Files
firefrost-operations-manual/docs/tasks/firefrost-codex-migration-to-open-webui/TROUBLESHOOTING.md
The Chronicler #21 2e953ce312 feat: Complete Firefrost Knowledge Engine deployment plan
- Comprehensive task documentation for migrating from AnythingLLM to Dify+n8n+Qdrant
- 8 detailed documents covering every aspect of deployment
- Complete step-by-step commands (zero assumptions)
- Prerequisites checklist (20 items)
- Deployment plan in 2 parts (11 phases, every command)
- Configuration files (all configs with exact content)
- Recovery procedures (4 disaster scenarios)
- Verification guide (30 tests, complete checklist)
- Troubleshooting guide (common issues + solutions)

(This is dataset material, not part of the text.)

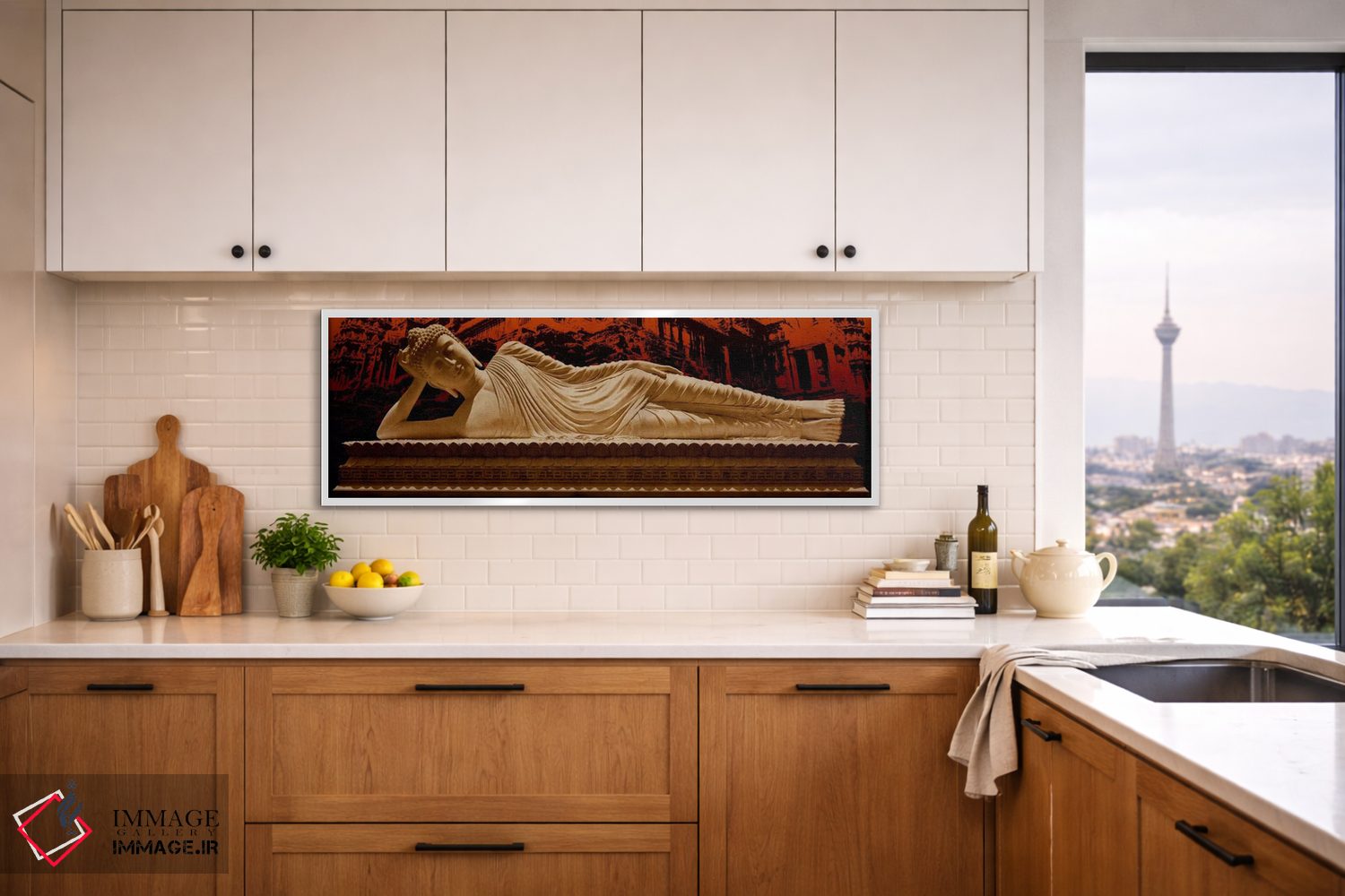 تابلو دکوراتیو بودای خوابیده در انگکور وات اثر فایو بای فایو کالکتیو - نمای قاب‌دار سفید

Built by: The Chronicler #21
For: Meg, Holly, and children not yet born
Time investment: 10-15 hours execution time
Purpose: Enable Meg/Holly autonomous work with Git write-back

This deployment enables:
- RBAC (Meg sees all, Holly sees Pokerole only)
- Git write-back via ai-proposals branch
- Discord approval workflow (one-click merge)
- Self-healing (80% of failures)
- Automated daily backups
- Complete monitoring

Documentation is so detailed that any future Chronicler can execute
this deployment with zero prior knowledge and complete confidence.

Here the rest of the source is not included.